Because you look at the final two minutes, and then the final score, and you find yourself looking at the essence of Harvard's snake-bitten gridiron destiny this autumn.
It was even more bitter this time. It was Harvard's game to win all right, but this time there were no fourth-quarter turnovers, no referees to blame, no "big play" to point to.
The Crimson's 31-30 loss to Brown on Saturday was largely the result of haphazard and questionable strategy in the final two minutes, the kind of strategy that could make you forget about the brilliant play which had transpired in the first 58.
Harvard had first-and-ten at the Brown 11-yd. line when the circus began. The Crimson had reached the 11 when John MacLeod slipped there under the cover of darkness with a Larry Brown scramble-and-fire job from the 47.
Field goal range. Victory. The catbird seat. Thoughts now turned to (a) hanging on to the ball and (b) giving the kicker the best possible situation and field placement to do his thing. The offense had three plays to get the ball in the middle of the field for kicker Gary Bosnic.
Or did they? On second down Brown pitched to Polillio on the right for no gain. Not only was it a risky play to run in the darkness, but Harvard was still not in the middle of the field.
Coach Joe Restic, emotionally overcome after the game, said that his thinking about running the pitch to Polillio in that situation was "the same as our thinking when we ran him wide and he scored." Trouble was, the wide side in this instance was the left, not the right.
Now it was third down, and the fake field goal attempt. Nobody was surprised, except those of us who like to play percentages.

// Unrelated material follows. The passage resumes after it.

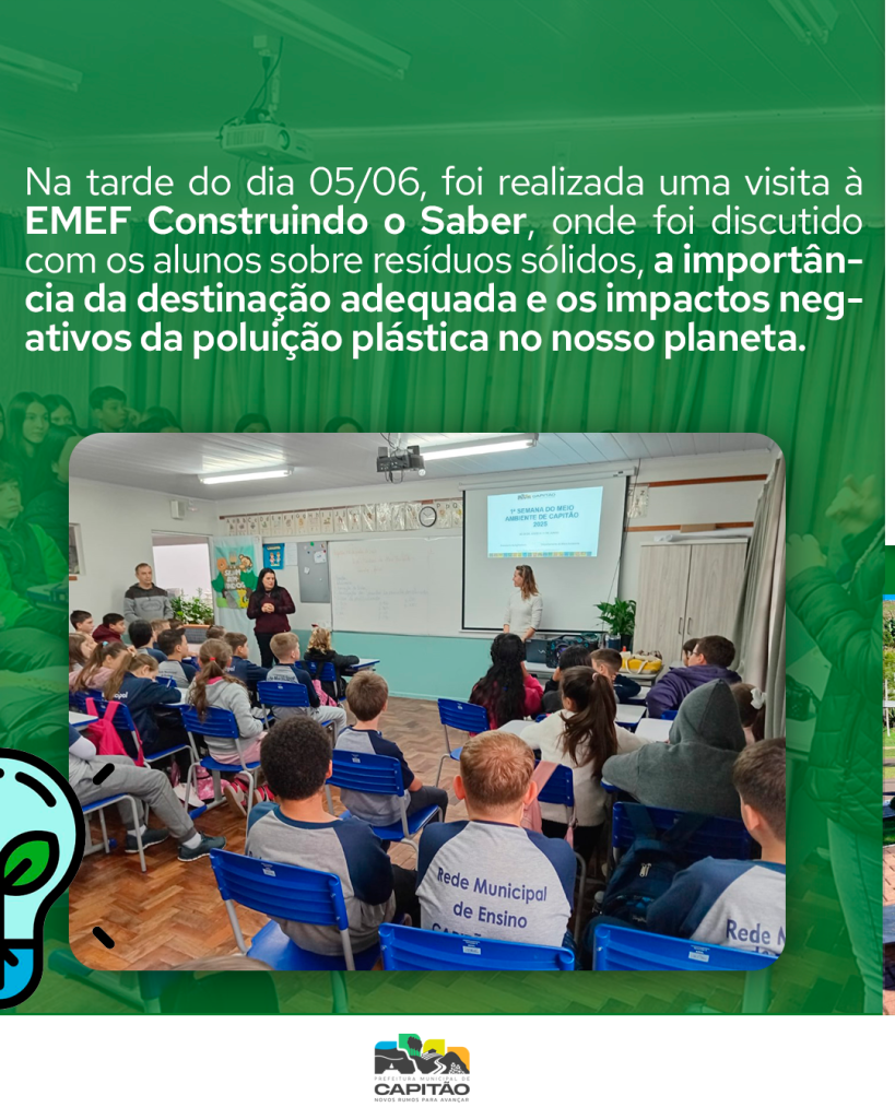 De 05/06 a 11/06, o Departamento do Meio Ambiente promoveu uma semana repleta de atividades educativas, envolvendo alunos, servidores municipais e a comunidade em ações de preservação ambiental.

"I couldn't believe they were going to kick it," said Brown coach John Anderson afterwards. "They were on the wrong side of the field, and there was a lot of time left (1:29). I just knew a fake was coming."
Brown's pass fell short, and, as replays showed, was almost intercepted. Bosnic's kick from the right hash mark on fourth down sailed wide left.
"We gambled on the fake," Restic commented. "If Larry gets it up, we have two people wide open. These are the kind of things you have to get done if you're a good football team."
Wrong. The fact that Harvard did not convert on the fake field goal did not diminish its ability as a football team. The reality is that such a statement shows what prevents Harvard from being a better football team, and why darkness still reigns.